## YOUR OBJECTIVE
Every record below is to be restated word for word, and no picture is to be copied.

## Records from a dataset
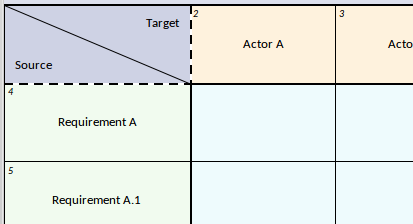 Each row and each column of the Relation Matrix view represents a diagram element. There is small italic number on the top-left corner of each row and column cell, which is the row/column index. The cell at the intersection of a row and a column shows the details of any relationships between the corresponding diagram elements.
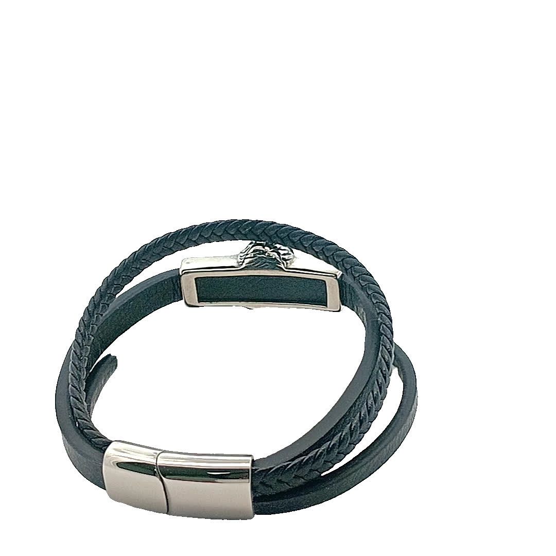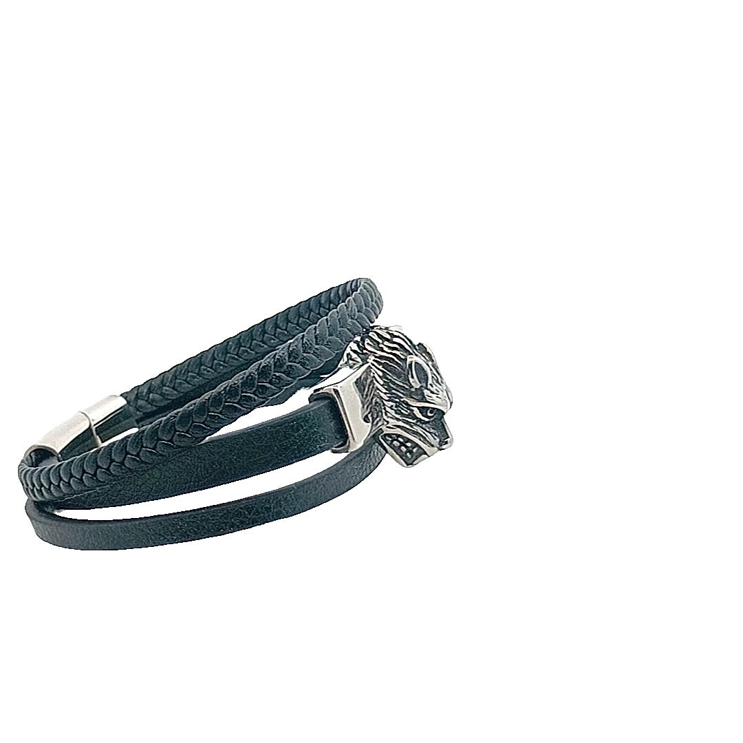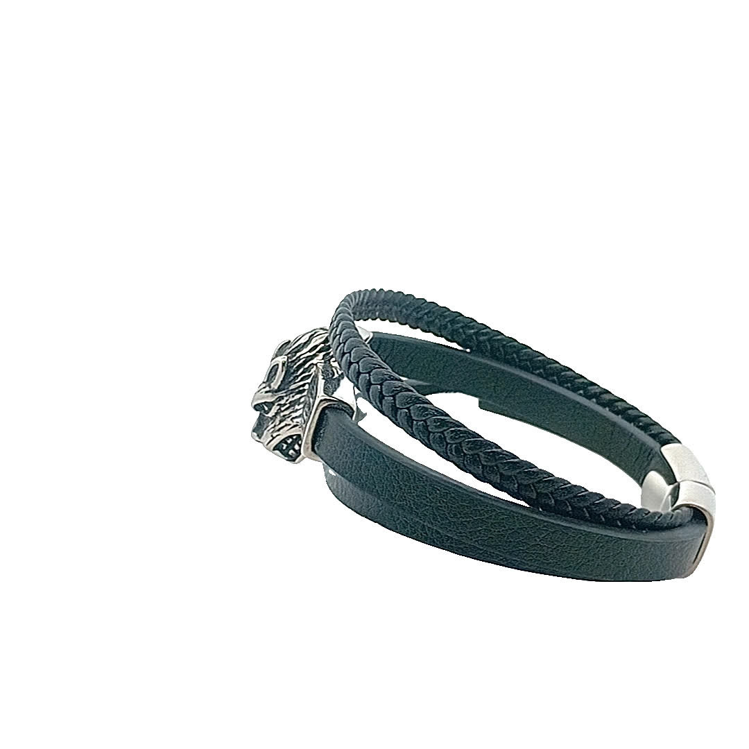Ta uderzająca czarna skórzana bransoletka ma wyjątkowy pleciony wzór, uzupełniony śmiałym posrebrzanym zapięciem w kształcie głowy wilka. Idealna do dodania odważnego akcentu do każdego stroju, płynnie łączy styl i indywidualność. Noś ją samodzielnie lub zestaw z innymi akcesoriami, aby uzyskać modny, warstwowy wygląd.
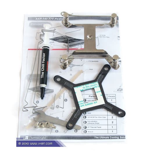 Поставка включает радиатор, набор крепежа для платформы Intel LGA775, фирменную термопасту Chill Factor, крепежные скобки и силиконовые прокладки для опционального вентилятора, а также краткое техническое руководство. Варианты крепежа для платформ Intel LGA1156/LGA1366 и AMD Socket AM2/AM3 предлагаются в виде отдельных продуктов.
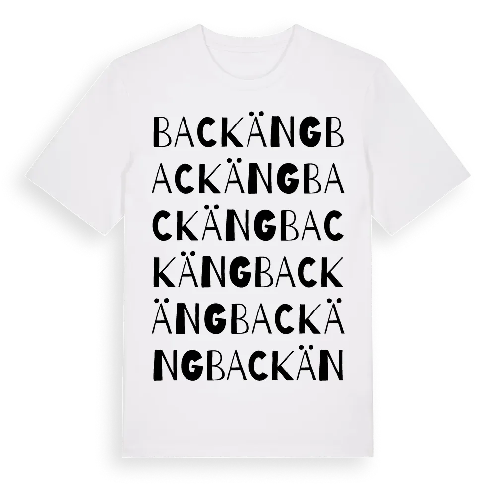 Backäng ordlek t-shirt är inspirerad av Backäng i Västra Götalands län, Sverige. Tröjan är designad för dig som har en speciell koppling till platsen – oavsett om du bor här, har rötterna här eller bara älskar Backäng.
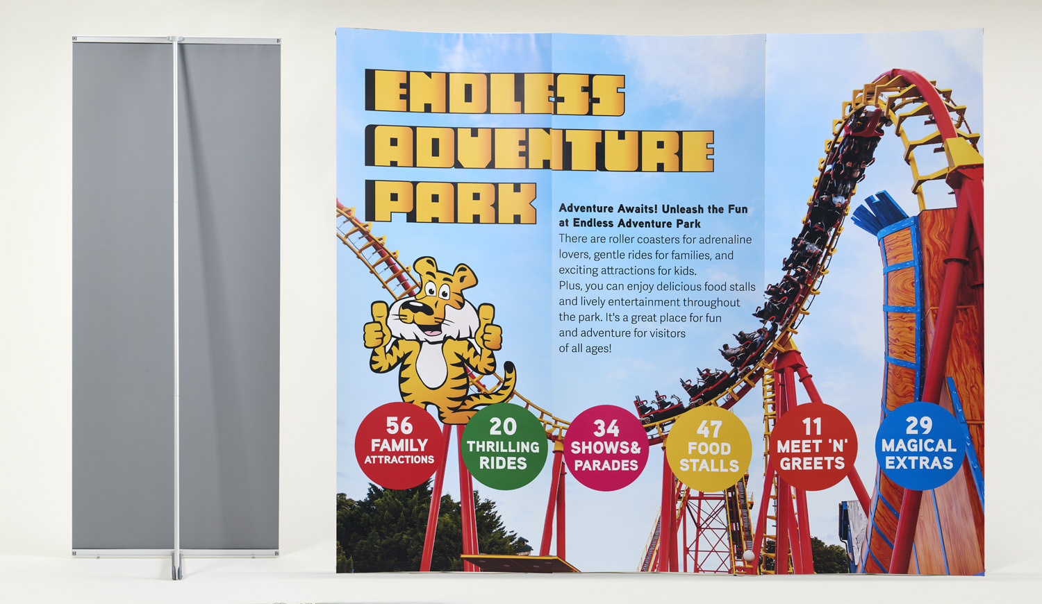 - Roll-Up Banners: eenvoudig op te zetten, met automatisch oprolbaar doek.
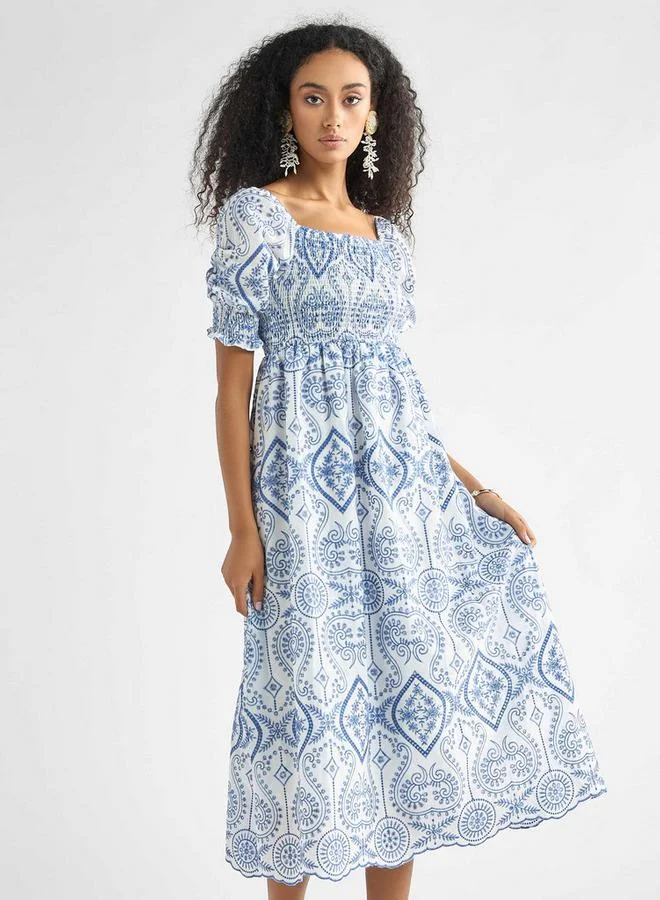 Take Two Embroidered Waist Tassel Strap A-Line Maxi Dress
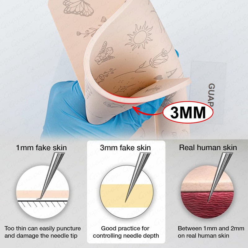 - 3MM Tiny Tattoo Practice skin Made from high-quality materials, it is closely mimic the texture and feel of real human skin. This gives you a realistic experience, allowing you to refine your skills before working on actual clients.
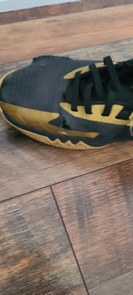 Selling a pair of black and gold Nike basketball shoes. They have some wear and tear, as you can see in the pictures. Still have lots of life left for casual use or practice!
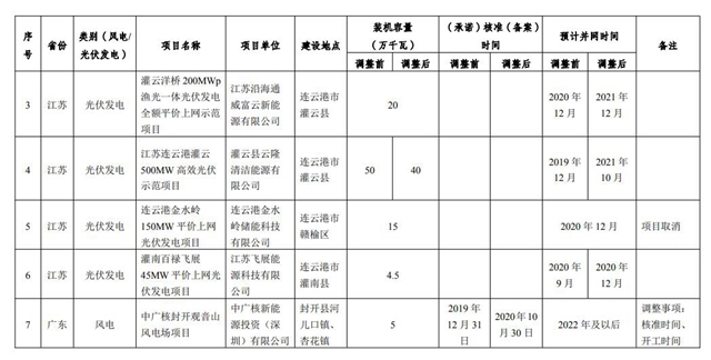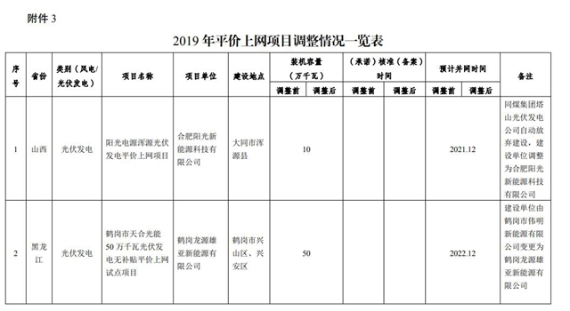 3.2019年平價(jià)上網(wǎng)項(xiàng)目信息調(diào)整情況一覽表

## ANSWER SECTION
 Each row and each column of the Relation Matrix view represents a diagram element. There is small italic number on the top-left corner of each row and column cell, which is the row/column index. The cell at the intersection of a row and a column shows the details of any relationships between the corresponding diagram elements.
Ta uderzająca czarna skórzana bransoletka ma wyjątkowy pleciony wzór, uzupełniony śmiałym posrebrzanym zapięciem w kształcie głowy wilka. Idealna do dodania odważnego akcentu do każdego stroju, płynnie łączy styl i indywidualność. Noś ją samodzielnie lub zestaw z innymi akcesoriami, aby uzyskać modny, warstwowy wygląd.
 Поставка включает радиатор, набор крепежа для платформы Intel LGA775, фирменную термопасту Chill Factor, крепежные скобки и силиконовые прокладки для опционального вентилятора, а также краткое техническое руководство. Варианты крепежа для платформ Intel LGA1156/LGA1366 и AMD Socket AM2/AM3 предлагаются в виде отдельных продуктов.
 Backäng ordlek t-shirt är inspirerad av Backäng i Västra Götalands län, Sverige. Tröjan är designad för dig som har en speciell koppling till platsen – oavsett om du bor här, har rötterna här eller bara älskar Backäng.
 - Roll-Up Banners: eenvoudig op te zetten, met automatisch oprolbaar doek.
 Take Two Embroidered Waist Tassel Strap A-Line Maxi Dress
 - 3MM Tiny Tattoo Practice skin Made from high-quality materials, it is closely mimic the texture and feel of real human skin. This gives you a realistic experience, allowing you to refine your skills before working on actual clients.
 Selling a pair of black and gold Nike basketball shoes. They have some wear and tear, as you can see in the pictures. Still have lots of life left for casual use or practice!
 3.2019年平價(jià)上網(wǎng)項(xiàng)目信息調(diào)整情況一覽表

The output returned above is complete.